CODEWITHSUNDEEP
javasorting
user1167910
user1167910

Reputation: 145

Sort files in numeric order

I made a program to combine all files in a folder together.

Here's part of my code:

File folder = new File("c:/some directory");
File[] listOfFiles = folder.listFiles();
for (File file : listOfFiles){

if (file.isFile()){
    System.out.println(file.getName());
    File f = new File("c:/some directory"+file.getName());

However, I hope my files can be in order of like: job1.script, job2.script, .....

but I get: job1.script, job10.script, job11.script, that 10,11,12... are in front of 2.

I hope I can get efficient code that can avoid this problem.

Upvotes: 2

Views: 2104

Answers (4)

skiwi
skiwi

Reputation: 69259

Time to get rid of all the clumpsy code, and use Java 8! This answer also features the Path class, which is already part of Java 7, however seems to be heavily improved in Java 8.

The code:

private void init() throws IOException {
    Path directory = Paths.get("C:\\Users\\Frank\\Downloads\\testjob");
    Files.list(directory)
            .filter(path -> Files.isRegularFile(path))
            .filter(path -> path.getFileName().toString().startsWith("job"))
            .filter(path -> path.getFileName().toString().endsWith(".script"))
            .sorted(Comparator.comparingInt(this::pathToInt))
            .map(path -> path.getFileName())
            .forEach(System.out::println);
}

private int pathToInt(final Path path) {
    return Integer.parseInt(path.getFileName()
            .toString()
            .replace("job", "")
            .replace(".script", "")
    );
}

The explanation of pathToInt:

  1. From a given Path, obtain the String representation of the file.
  2. Remove "job" and ".script".
  3. Try to parse the String as an Integer.

The explanation of init, the main method:

  1. Obtain a Path to the directory where the files are located.
  2. Obtain a lazily populated list of Paths in the directory, be aware: These Paths are still fully qualified!
  3. Keep files that are regular files.
  4. Keep files of which the last part of the Path, thus the filename (for example job1.script) starts with "job". Be aware that you need to first obtain the String representation of the Path before you can check it, else you will be checking if the whole Path starts with a directory called "job".
  5. Do the same for files ending with ".script".
  6. Now comes the fun point.
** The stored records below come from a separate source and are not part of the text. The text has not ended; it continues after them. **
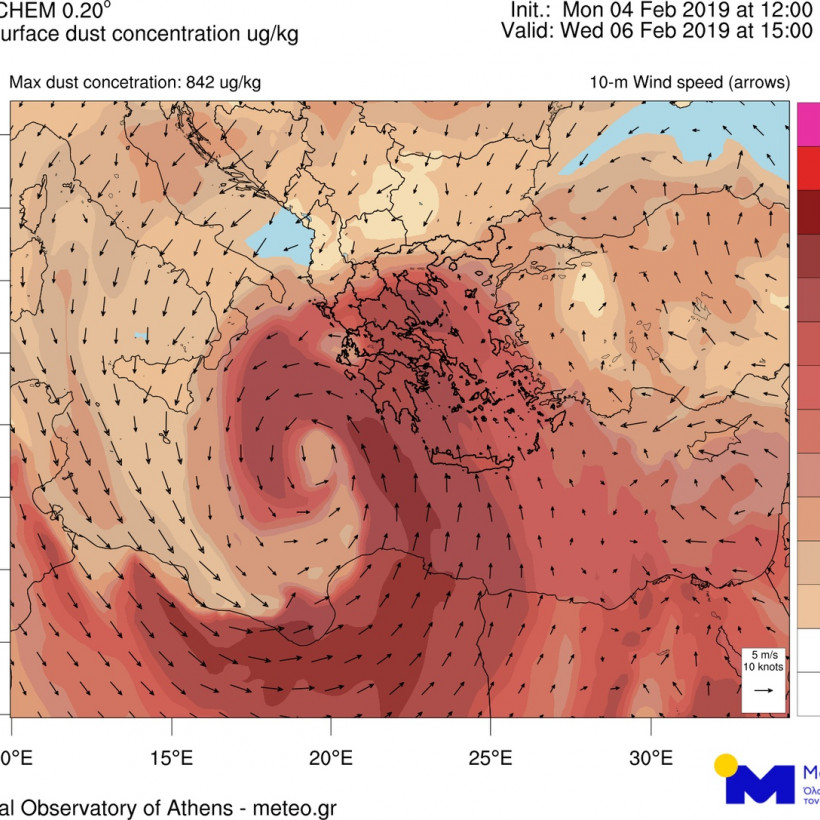 Σύμφωνα με τα έως τώρα διαθέσιμα προγνωστικά στοιχεία του ΕΑΑ-meteo, την Πέμπτη προβλέπονται βροχές και τοπικές καταιγίδες στα κεντρικά και νότια, με κατά τόπους έντονα φαινόμενα στην Κρήτη. Κατά τις πρωινές ώρες οι συγκεντρώσεις σκόνης στην ατμόσφαιρα θα είναι ιδιαίτερα αυξημένες. Οι άνεμοι θα στραφούν σε βόρειους ισχυρούς έως σχεδόν θυελλώδεις, 6-7 μποφόρ, ενώ η θερμοκρασία θα παρουσιάσει πτώση.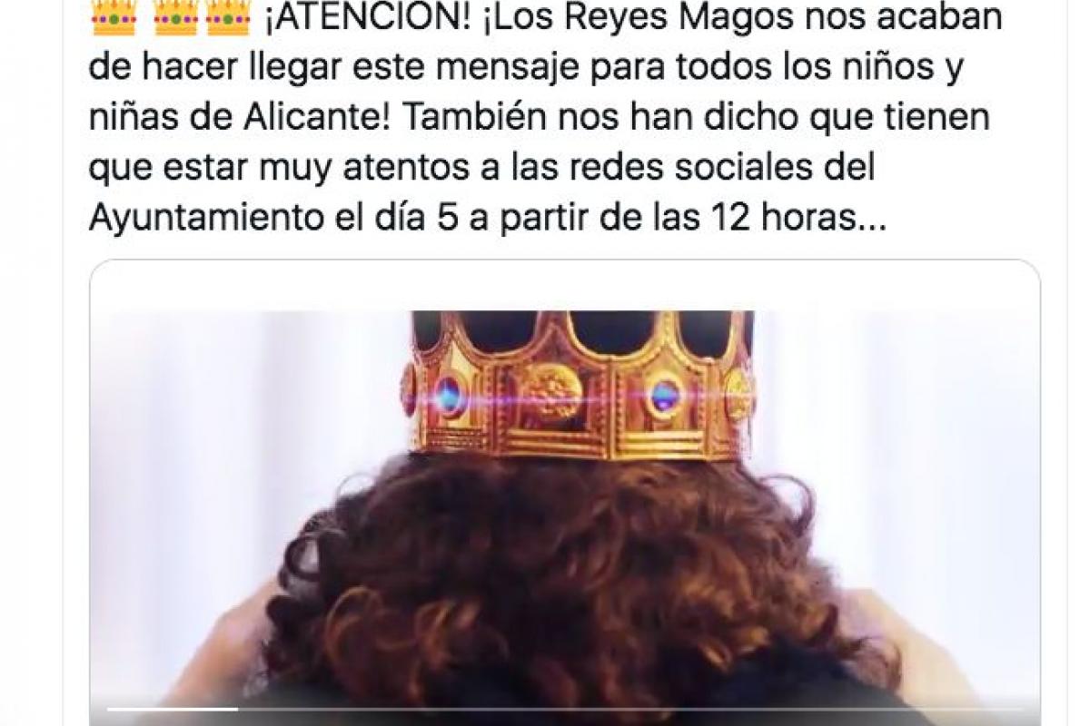 ″¡Atención!”, anuncia el tuit publicado por el Consistorio, que asegura haber recibido un “mensaje para todos los niños y niñas de Alicante” de sus majestades los Reyes Magos.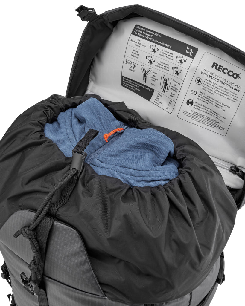 Mochila de aventura vertical de 35 L, ideal para misiones all-mountain, desde ascensos mixtos invernales hasta rutas de roca en verano. Fabricada con un sistema de espalda ajustado, tejido reciclado resistente y tecnología RECCO®, está preparada para entornos alpinos exigentes.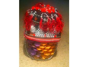 Purchased by the donor in a Hmong village in Vietnam in 2003, this hat has exquisite detail with 10 small red pompons on the top of the hat and many black and white beaded tassels with red threads scattered around the crown. It is embellished with silver bead work; a 10 cent coin with two small silver beads is sewn on the black fabric of the hat. Primarily black, red and white colors are seen throughout the hat. The black head piece is fully lined with a machine sewn red, white and black striped 1/2" trim around the bottom of the hat. The chin strap consists of small black and white beads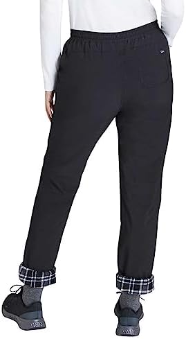 The Eddie Bauer Women’s Stretch Fleece Lined Polar Pant is a relaxed fit pant with plaid lined detail. The waistband sits below the waist and features StormRepel DWR technology to wick away moisture. The pant is made with stretch fabric for extra comfort and has two front pockets and a secure zip pocket on the thigh. The waistband has an elastic drawstring for adjustable fit. The shell and lining are made from a combination of polyester and elastane, with a lightweight construction of approximately 170 GSM. The pant is available in sizes S (4-6), M (8-10), L (12-14), and XL (16-18), with an inseam length of 31 inches. The model in the product images is 5’7″ tall and is wearing a size 10.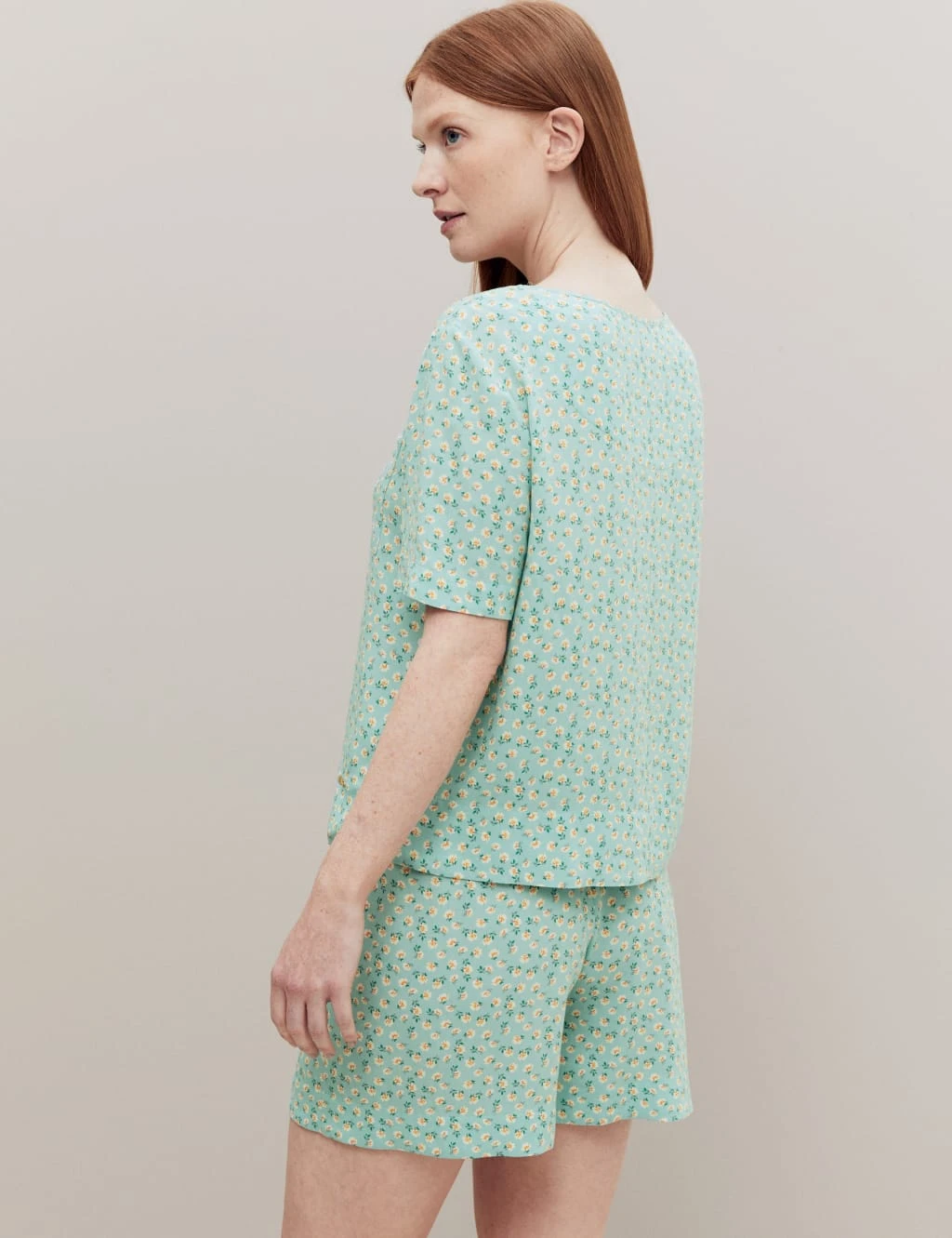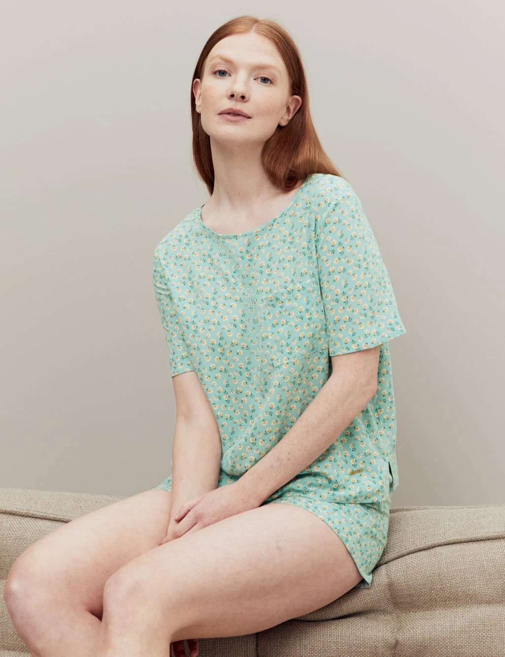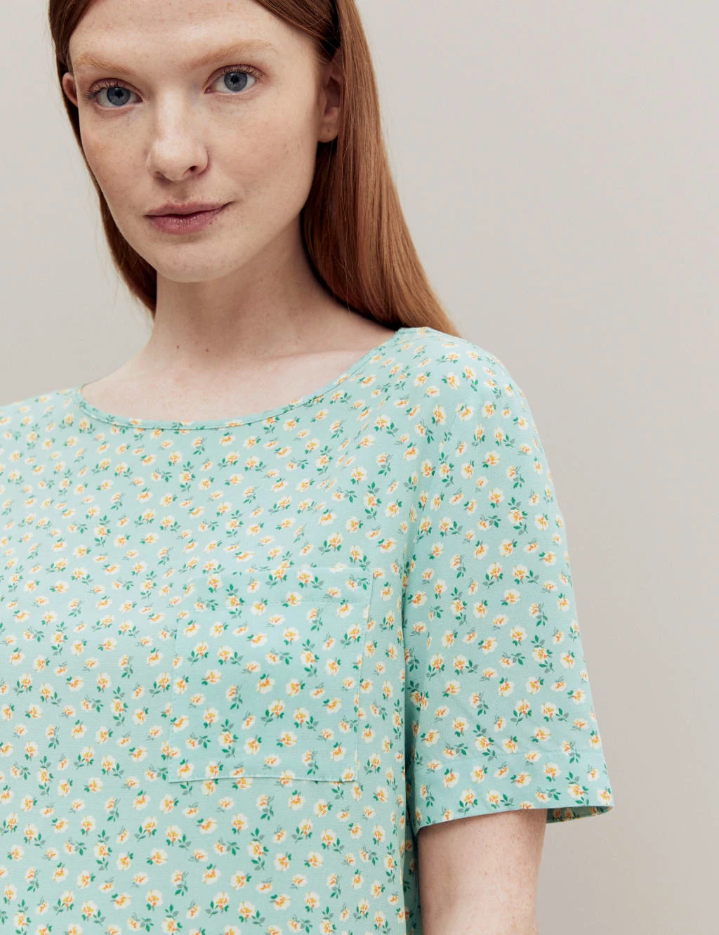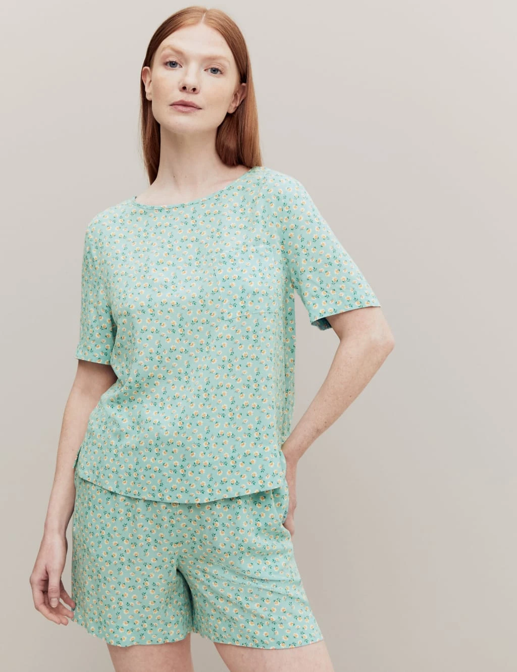 This T-shirt inspired pyjama top is designed in soft and fluid woven fabric. A round neckline and flattering sleeve length create an elegant silhouette. Retro inspired shell edge stich detailing and a patch pocket adds the finishing touches. Made with responsibly produced fibres. M&S x GHOST lingerie and sleepwear. An exclusive collection created in collaboration with Ghost using signature floral prints, beautifully soft fabrics, vintage inspired details and gold Ghost branding. The collection is designed to mix and match, and style your way.
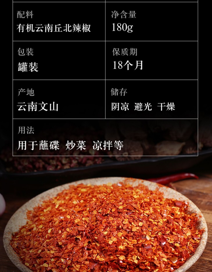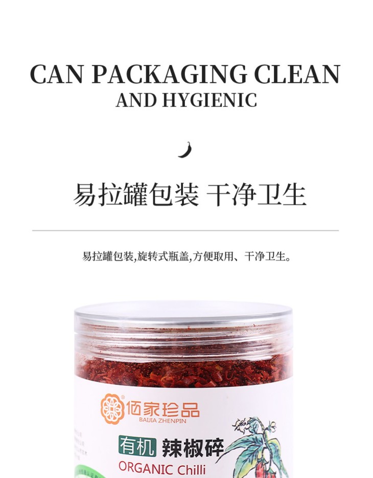 有机辣椒碎180克 佰家珍品 红有机辣椒碎 云南丘北辣椒 超香中辣支持自提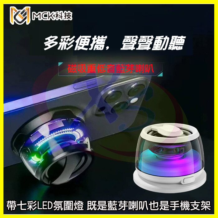 MCK 迷你環繞立體聲藍牙喇叭 重低音砲藍芽音箱 手機磁吸支架一對二無線音響 七彩氛圍燈 免持麥克風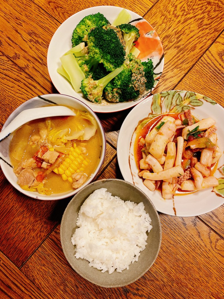 挪威先生在七點半準時地回到家,不過是帶著一個頭痛不舒服的身體回家。於是他就先去房間休息,我一個人先吃了晚餐。獨自一人的晚餐非常的棒,裝好一人份的麻油雞、辣炒透抽跟燙青花菜,倒了一杯白酒,搭配剛剛開始看的Modern Love Tokyo,很輕鬆地度過了一人晚餐時間。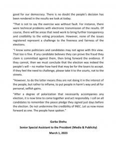 “I know some politicians and candidates may not agree with this view. That too is fine. If any candidate believes they can prove the fraud they claim is committed against them, then bring forward the evidence. If they cannot, then we must conclude that the election was indeed the people’s will – no matter how hard that may be for the losers to accept. If they feel the need to challenge, please take it to the courts, not to the streets.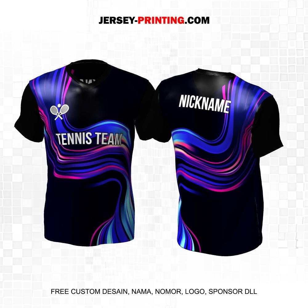 Jersey Tenis Hitam Ungu Biru Motif Liquid 58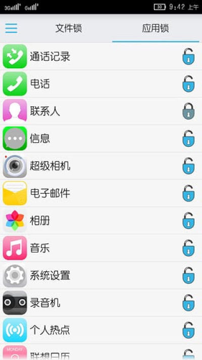 1.通过选择应用列表里的应用来为应用加锁和解锁。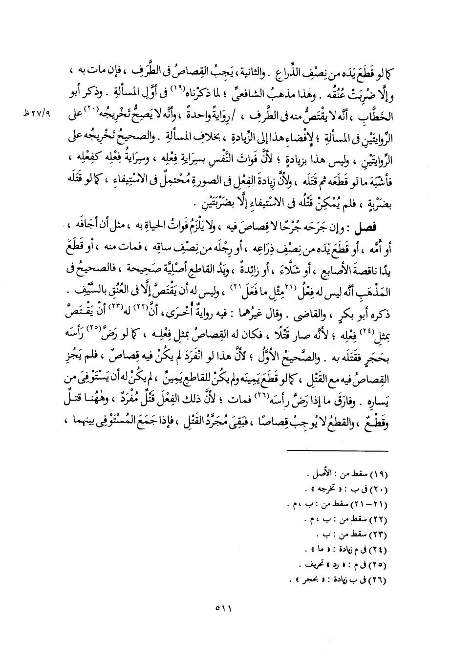 فصل: وإن جَرَحَه جُرْحًا لا قِصاصَ فيه، ولا يَلْزَمُ فَواتُ الحياةِ به، مثل أن أجَافَه، أو أَمَّه، أو قَطَعَ يَدَه من نِصْفِ ذِرَاعِه، أو رِجْلَه من نِصْفِ ساقِه، فمات منه، أو قَطَعَ يدًا ناقصةَ الأصابعِ، أو شَلَّاءَ، أو زائِدةً، ويَدُ القاطعِ أصْلِيَّة صَحِيحة، فالصحيحُ في المَذْهَبِ أنَّه ليس له فِعْلُ [مِثْلِ ما فَعَلَ] (٢١)، وليس له أن يَقْتَصَّ إلَّا في العُنُقِ بالسَّيْفِ. ذكره أبو بكرٍ، والقاضى. وقال غيرُهما: فيه روايةٌ أُخْرَى، أنَّ (٢٢) له (٢٣) أنْ يَقْتَصَّ بمثلِ (٢٤) فِعْلِه، لأنَّه صار قَتْلًا، فكان له القِصاصُ بمثلِ فِعْلِه، كما لو رَضَّ (٢٥) رَأسَه بحَجَرٍ فقَتَلَه به. والصَّحيحُ الأوَّلُ؛ لأنَّ هذا لو انْفَرَدَ لم يكُنْ فيه قِصاصٌ، فلم يَجُزِ القِصاصُ فيه مع القَتْلِ، كما لو قَطَعَ يَمِينَه ولم يكُنْ للقاطعِ يَمِينٌ، لم يكُنْ له أن يَسْتَوْفِىَ من يَسارِه. وفارَقَ ما إذا رَضَّ رأسَه (٢٦) فمات؛ لأنَّ ذلك الفِعْلَ قَتْلٌ مُفْرَدٌ، وههُنا قتلٌ وقَطْعٌ، والقطعُ لا يُوجِبُ قِصاصًا، فبَقِىَ مُجَرَّدُ القَتْلِ، فإذا جَمَعَ المُسْتَوْفِى بينهما،

Here we sort the file list based on a Comparator that compares the integers which we obtain by calling pathToInt on the Path. Here I am using a method reference, the method comparingInt(ToIntFunction<? super T> keyExtractor expects a function that maps a T, in this case a Path, to an int. And this is exactly what pathToInt does, hence it can be used a method reference.
  7. Then I map every Path to the Path only consisting of the filename.
  8. Lastly, for each element of the Stream<Path>, I call System.out.println(Path.toString()).

It may seem like this code could be written easier, however I have purposefully written it more verbose. My design here is to keep the full Path intact at all times, the very last part of the code in the forEach actually violates that principle as shortly before it gets mapped to only the file name, and hence you are not able to process the full Path anymore at a later point.

This code is also designed to be fail-fast, hence it is expecting files to be there in the form job(\D+).script, and will throw a NumberFormatException if that is not the case.

Example output:

job1.script
job2.script
job10.script
job11.script

An arguably better alternative features the power of regular expressions:

private void init() throws IOException {
    Path directory = Paths.get("C:\\Users\\Frank\\Downloads\\testjob");
    Files.list(directory)
            .filter(path -> Files.isRegularFile(path))
            .filter(path -> path.getFileName().toString().matches("job\\d+.script"))
            .sorted(Comparator.comparingInt(this::pathToInt))
            .map(path -> path.getFileName())
            .forEach(System.out::println);
}

private int pathToInt(final Path path) {
    return Integer.parseInt(path.getFileName()
            .toString()
            .replaceAll("job(\\d+).script", "$1")
    );
}

Here I use the regular expression "job\\d+.script", which matches a string starting with "job", followed by one or more digits, followed by ".script".
I use almost the same expression for the pathToInt method, however there I use a capturing group, the parentheses, and $1 to use that capturing group.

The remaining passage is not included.